On 13 May, Iraq acceded to the Convention.
On 5 September, Kuwait deposited its instrument for ratification for the Convention.
On 11 September, France deposited its instrument for ratification for the Convention.
On 21 November, Canada deposited its instrument for ratification for the Convention.
On 27 December, Jamaica deposited its instrument for ratification for the Convention.
2012: On 19 January, the UNGA announced that the Ad Hoc Committee would not meet in 2012, but would reconvene in 2013. Instead, a working group will be established with a view towards completing a draft for a comprehensive convention on international terrorism to be held under the auspices of the UN.
On 12 March, Cote d’Ivoire acceded to the Convention.
On 16 March, Australia acceded to the Convention.
On 26-27 May, the Communiqué of the 2012 Seoul Nuclear Security Summit encouraged universal adherence to the Convention and encouraged states to ratify it. Canada, Indonesia, Italy, Malaysia, New Zealand, Nigeria, Norway, the Philippines, the Republic of Korea, Singapore, Sweden, Thailand, and Turkey all committed themselves to ratify the Convention.
On 28 June, the U.S. House of Representatives passed legislation to bring the U.S. into compliance with the Convention. The bill was then sent to the Senate.

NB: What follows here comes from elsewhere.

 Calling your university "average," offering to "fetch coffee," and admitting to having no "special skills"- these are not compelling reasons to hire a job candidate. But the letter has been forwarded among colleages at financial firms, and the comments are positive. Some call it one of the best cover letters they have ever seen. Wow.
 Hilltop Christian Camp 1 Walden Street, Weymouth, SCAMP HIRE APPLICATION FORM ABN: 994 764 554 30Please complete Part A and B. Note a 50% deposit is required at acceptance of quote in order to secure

On 24 September, Turkey deposited its instrument for ratification for the Convention.
On 25 September, Nigeria acceded to the Convention.

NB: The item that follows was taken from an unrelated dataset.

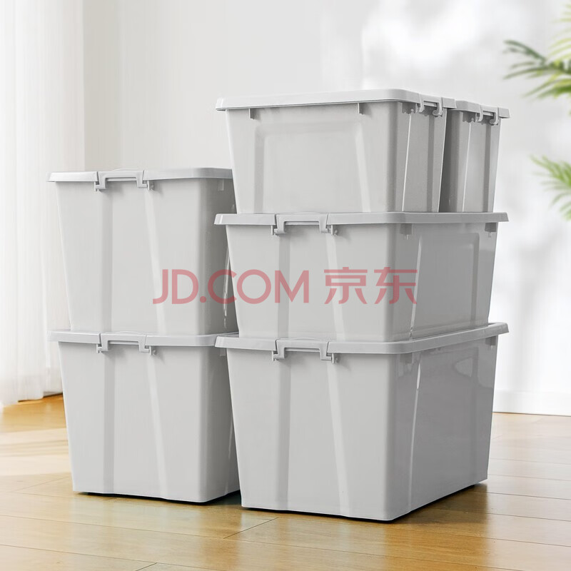 商品相册:清野の木 衣物收纳箱特大号塑料整理箱36L灰色 1个装 带轮第

On 26 September, Malta deposited its instrument for ratification for the Convention.
On 28 September, the UN High-Level Meeting on Countering Nuclear Terrorism with a Specific Focus on Strengthening the Legal Framework was held. The Chair’s Summary notes that the meeting’s two primary objectives were to strengthen legal framework preventing nuclear terrorism and to improve capacity-building to aid states in implementing their international obligations to prevent nuclear terrorism.

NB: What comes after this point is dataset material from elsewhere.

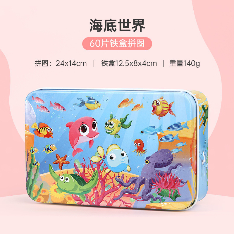 새로운 철 상자 나무 섬유판 만화 직소 퍼즐 개발 소년 소녀 실속 장난감 60 개 도매스토어 가기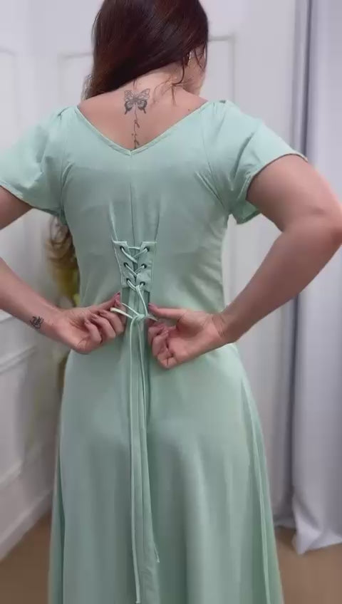 M: 96cm a 102cm de busto, 76cm a 80cm de cintura, 129cm de comprimento.

On 12 November, St. Lucia acceded to the Convention.
2011: On 3 March, Algeria became party to the convention.
On 14 April, U.S. President Barack Obama sent draft legislation to Congress calling for the United States to ratify the convention "as swiftly as possible."
According to reports, on 27 April the Parliament of Iraq read a draft law on Iraq's plan to join the convention.
On 30 June, the Republic of Korea hosted the Global Initiative to Combat Nuclear Terrorism (GICNT) and announced that it planned to submit the Convention to its National Assembly for ratification soon.
2010: The following States became parties to the Convention in 2010: Morocco (31 Mar.), Poland (8 April), Georgia (23 April), Bahrain (4 May), the Netherlands (30 June), St. Vincent and the Grenadines (8 July), Nauru (24 Aug.), Lesotho (22 Sept.), and Tunisia (28 Sept.).
On 13 April, the Communiqué of the Washington Nuclear Security Summit expressed support for the objectives of the Convention as an essential component of the global nuclear security architecture. Furthermore, the Convention was the first item at the top of the Summit Work Plan, which encouraged participating states to achieve universality of the Convention, assist States with its implementation, and discuss measures for its effective implementation.
In May, the Final Document of the NPT Review Conference encouraged states to become party to the Convention, both in the review section of the document and in the action plan contained in Conclusions and Recommendations.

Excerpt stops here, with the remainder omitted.